Even if true, a family connection to Rehman would prove nothing, since Rehman is currently a political ally of General Pervez Musharraf, the Pakistani military dictator who is the principal US stooge in the region.

Even more peculiar is a description in one version of the FBI affidavit of the Al Qaeda camp that Hamid Hayat allegedly attended. Identified as “Tamal,” the camp was reported to be close to Rawalpindi, where Pakistan’s military and intelligence commands are headquartered, and to the Pakistani capital Islamabad. In the past, the US government has always claimed that suspected Al Qaeda camps were located in the primitive mountainous areas in western Pakistan, near the Afghan border, not in the densely populated Punjab region closer to India.

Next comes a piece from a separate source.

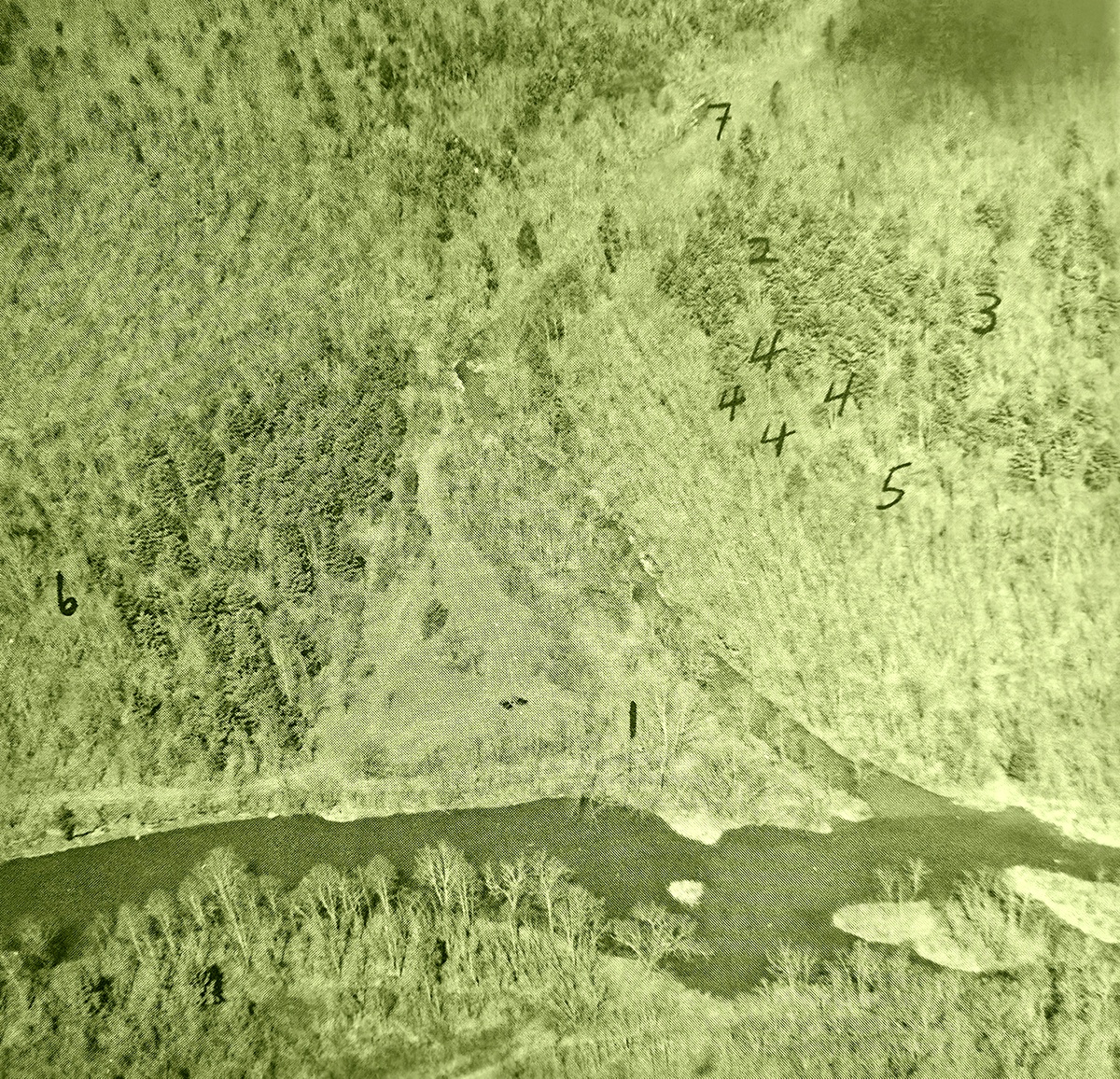 An aerial photo provided by Sanders designates 1.) Josiah Meador Store, 2.) Church, 3.) School, 4.) Lilly Cemetery, 5.) Robert Lilly Residence, 6.) Meador Cemetery, 7.) the Turn Hole.

The loose ends and inconsistencies in the initial reports on this case suggest that, as in most previous “terrorism” prosecutions in the US, some combination of government provocation, anti-immigrant bigotry and sheer incompetence is involved. In this case, there is an evident political motivation, since the Bush administration is engaged in an intense campaign to renew in full and expand the 2001 Patriot Act.

Lurid stories in the media of Al Qaeda-type terrorist cells operating in the US and well-publicized anti-terrorist prosecutions would be considered within government circles as useful in stoking up fear and insecurity in the public and inciting suspicions of Muslims—just the right environment for pushing through Congress a consolidation and expansion of the police-state provisions of the Patriot Act.